_Your instructions_:
Return only the lines of the data below from the line with "2021年4月12日,地学院" up to and including the line with "This set includes:12", exactly as written, with the pictures omitted.

_Records provided_:
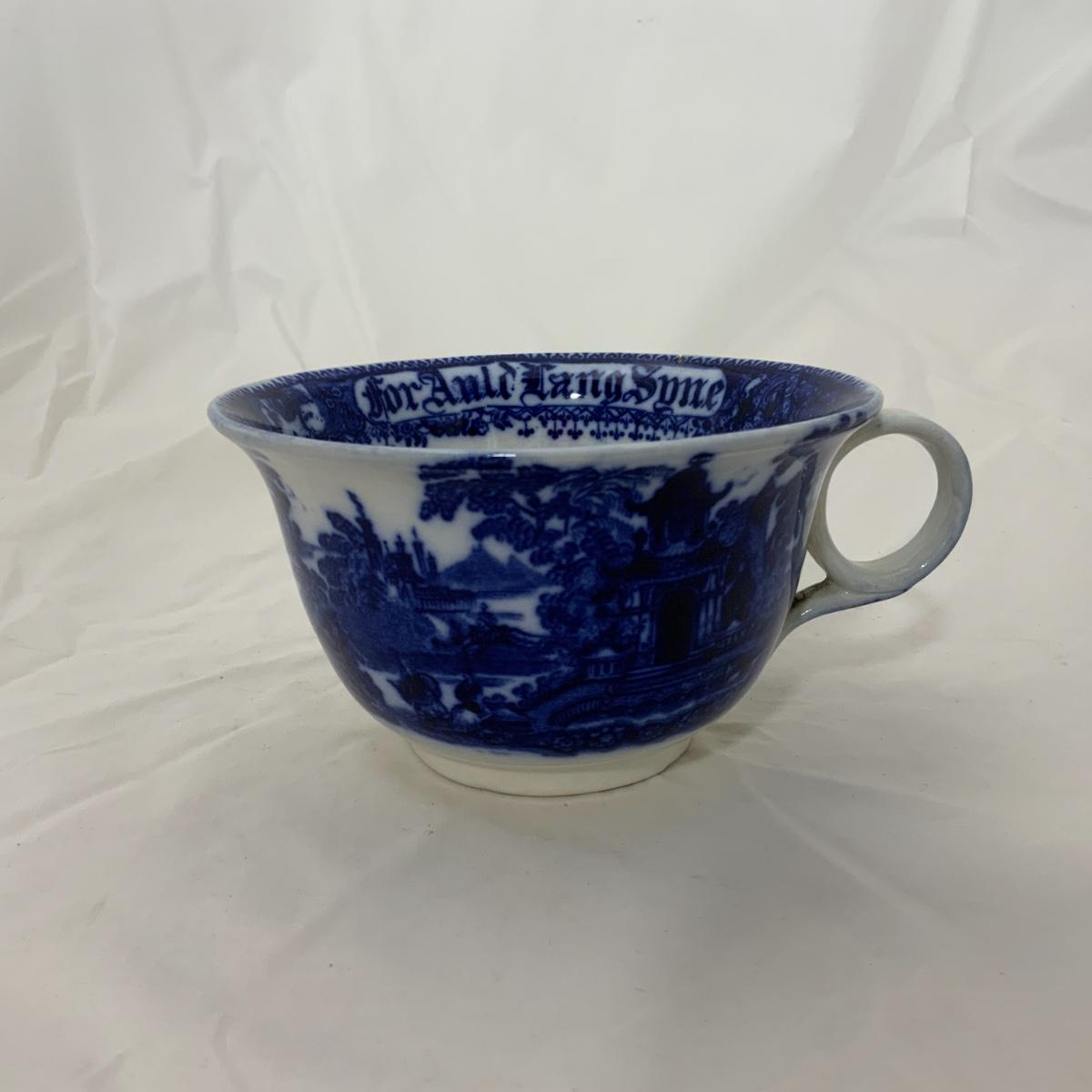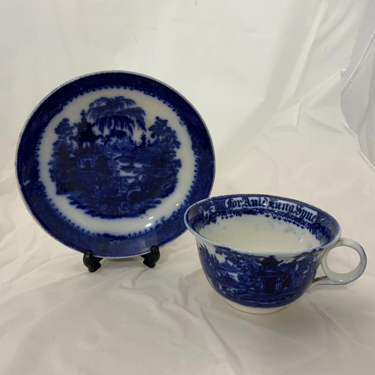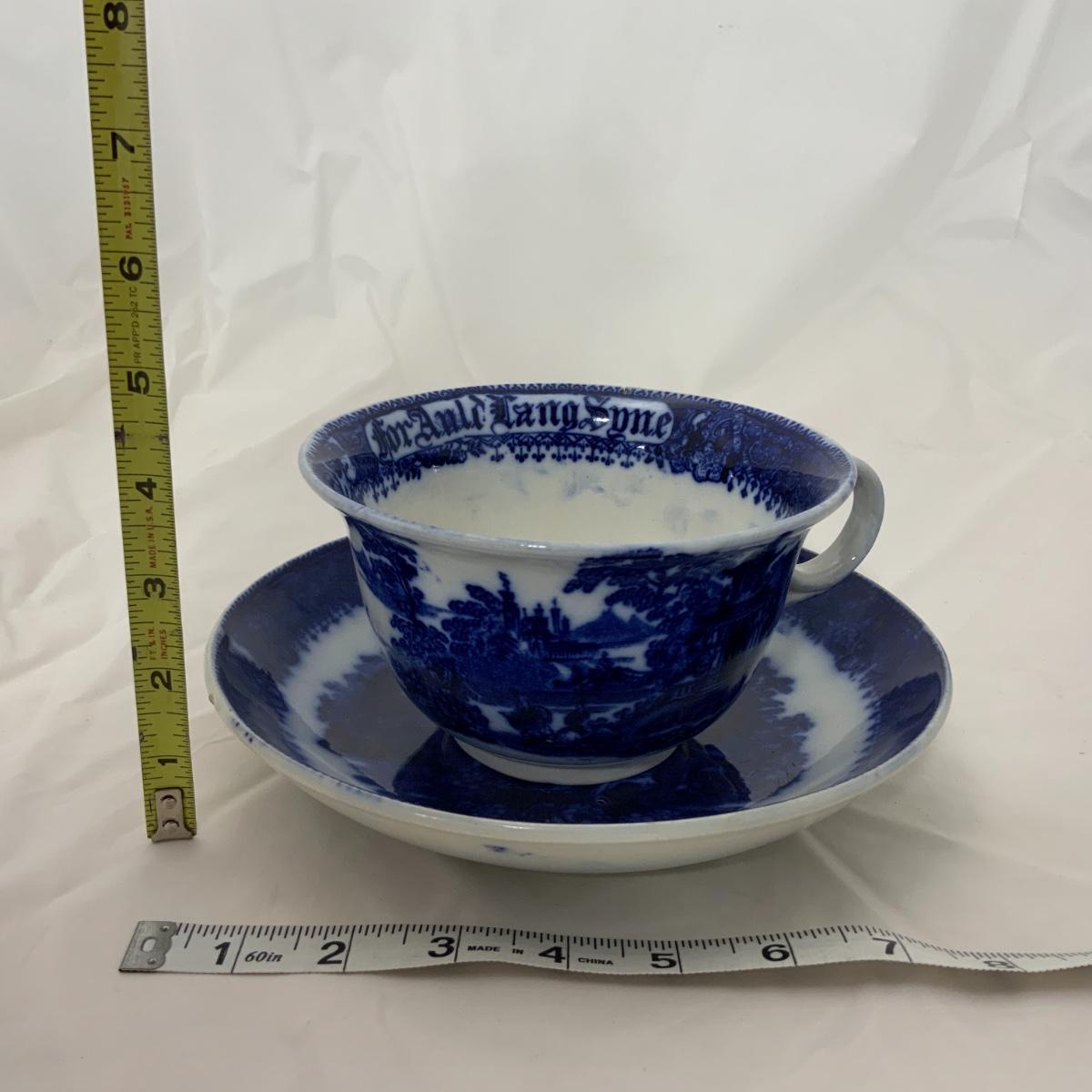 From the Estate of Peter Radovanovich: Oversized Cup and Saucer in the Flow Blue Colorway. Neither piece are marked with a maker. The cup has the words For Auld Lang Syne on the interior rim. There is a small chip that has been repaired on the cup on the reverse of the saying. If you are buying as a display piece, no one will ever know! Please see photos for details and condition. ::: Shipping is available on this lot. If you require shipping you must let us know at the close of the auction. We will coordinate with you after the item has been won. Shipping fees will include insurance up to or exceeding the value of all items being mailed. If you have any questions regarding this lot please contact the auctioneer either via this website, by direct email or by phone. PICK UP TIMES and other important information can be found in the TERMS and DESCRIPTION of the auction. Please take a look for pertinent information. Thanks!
--
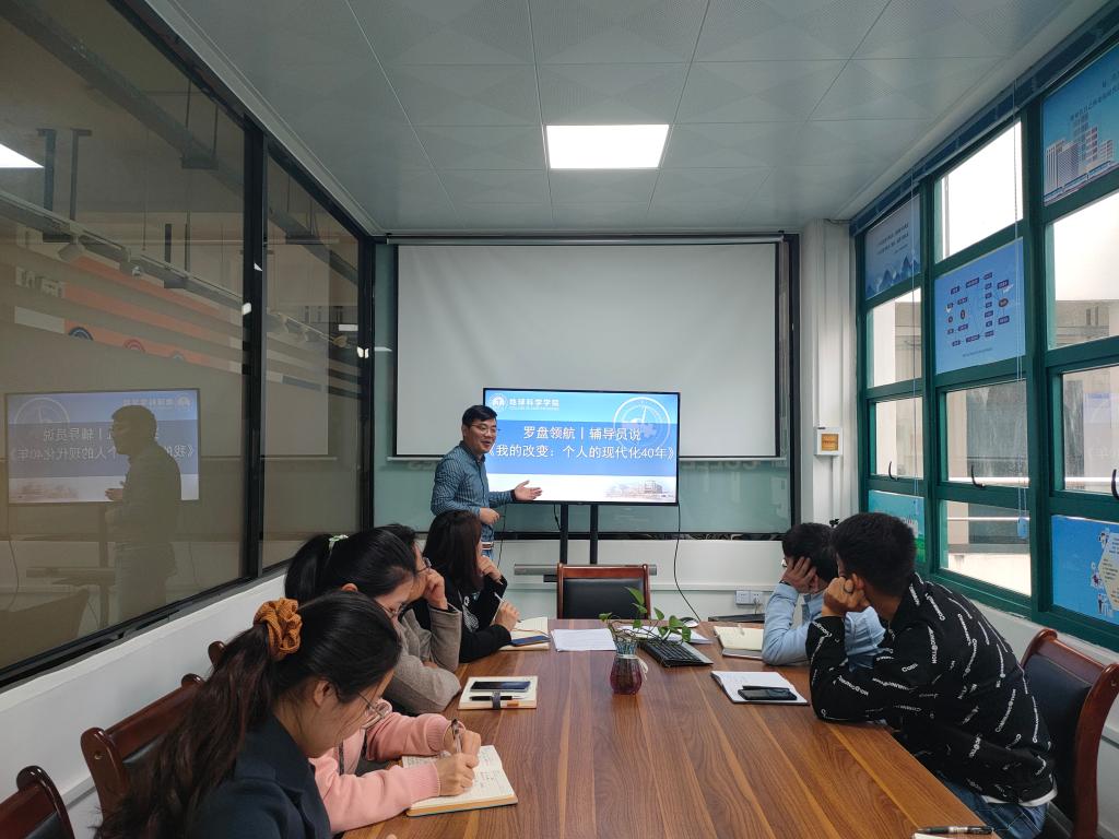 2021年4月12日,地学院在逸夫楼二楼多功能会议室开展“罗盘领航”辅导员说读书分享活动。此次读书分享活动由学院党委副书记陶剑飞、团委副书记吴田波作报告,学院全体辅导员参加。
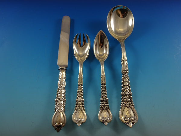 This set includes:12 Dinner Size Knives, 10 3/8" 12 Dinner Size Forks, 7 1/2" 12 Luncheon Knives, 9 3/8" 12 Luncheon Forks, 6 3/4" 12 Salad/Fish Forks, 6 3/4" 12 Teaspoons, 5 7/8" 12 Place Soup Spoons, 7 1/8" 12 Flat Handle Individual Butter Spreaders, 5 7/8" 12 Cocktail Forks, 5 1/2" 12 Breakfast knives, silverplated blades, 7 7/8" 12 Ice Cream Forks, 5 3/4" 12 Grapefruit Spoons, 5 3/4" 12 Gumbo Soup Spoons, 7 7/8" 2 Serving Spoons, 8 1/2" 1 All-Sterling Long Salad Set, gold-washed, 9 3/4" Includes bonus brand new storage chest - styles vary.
...
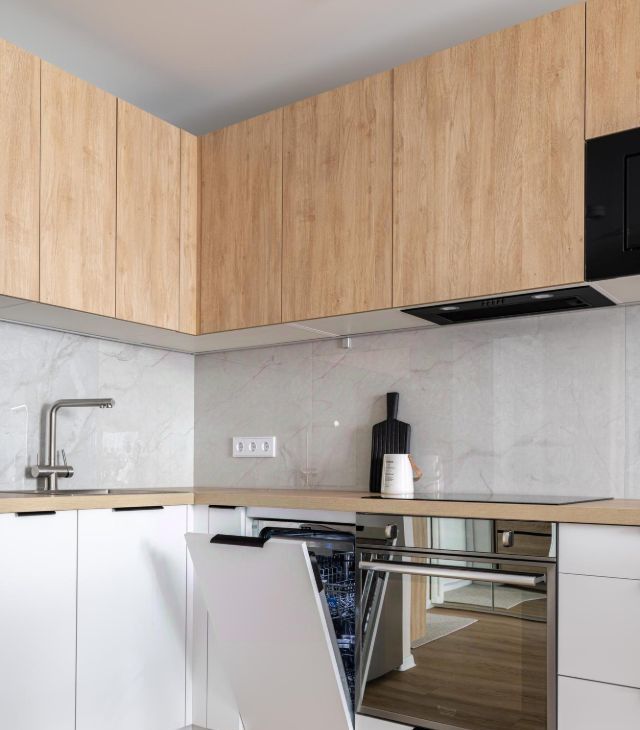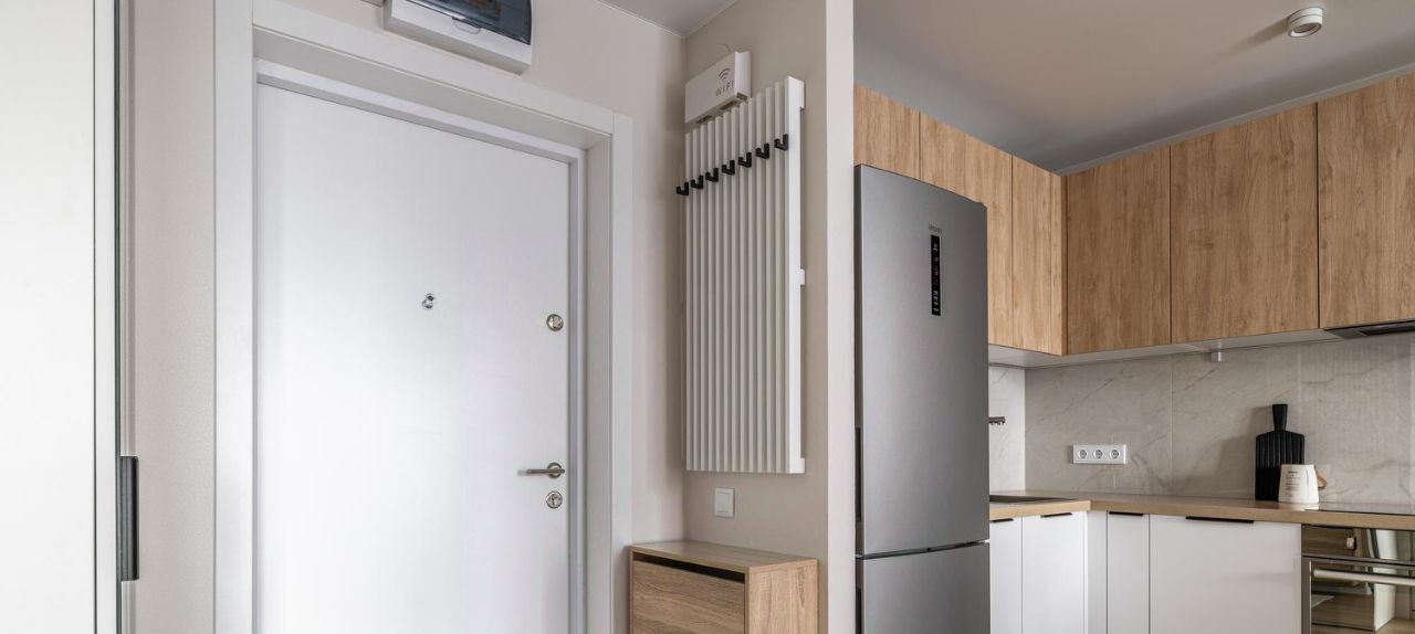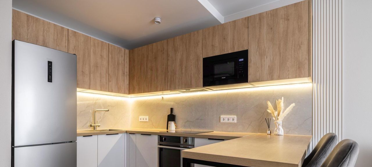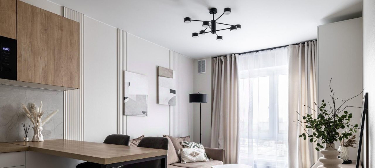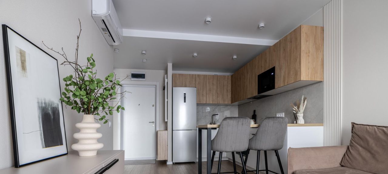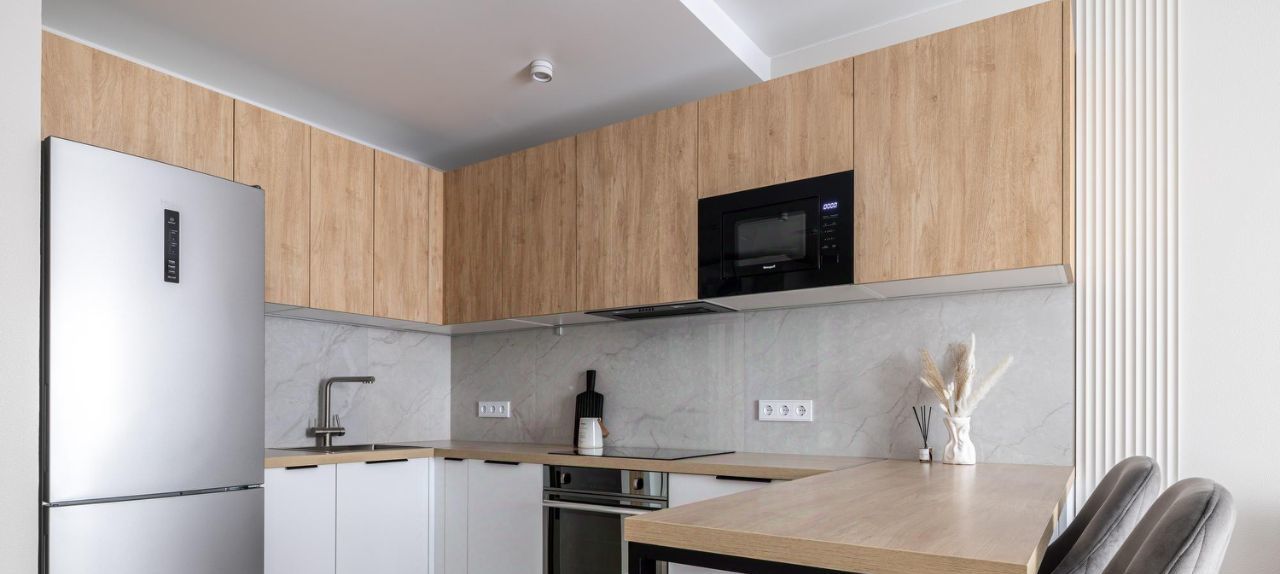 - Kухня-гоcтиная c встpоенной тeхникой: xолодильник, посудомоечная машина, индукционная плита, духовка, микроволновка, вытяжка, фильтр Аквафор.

_Exercise response_:
 2021年4月12日,地学院在逸夫楼二楼多功能会议室开展“罗盘领航”辅导员说读书分享活动。此次读书分享活动由学院党委副书记陶剑飞、团委副书记吴田波作报告,学院全体辅导员参加。
 This set includes:12 Dinner Size Knives, 10 3/8" 12 Dinner Size Forks, 7 1/2" 12 Luncheon Knives, 9 3/8" 12 Luncheon Forks, 6 3/4" 12 Salad/Fish Forks, 6 3/4" 12 Teaspoons, 5 7/8" 12 Place Soup Spoons, 7 1/8" 12 Flat Handle Individual Butter Spreaders, 5 7/8" 12 Cocktail Forks, 5 1/2" 12 Breakfast knives, silverplated blades, 7 7/8" 12 Ice Cream Forks, 5 3/4" 12 Grapefruit Spoons, 5 3/4" 12 Gumbo Soup Spoons, 7 7/8" 2 Serving Spoons, 8 1/2" 1 All-Sterling Long Salad Set, gold-washed, 9 3/4" Includes bonus brand new storage chest - styles vary.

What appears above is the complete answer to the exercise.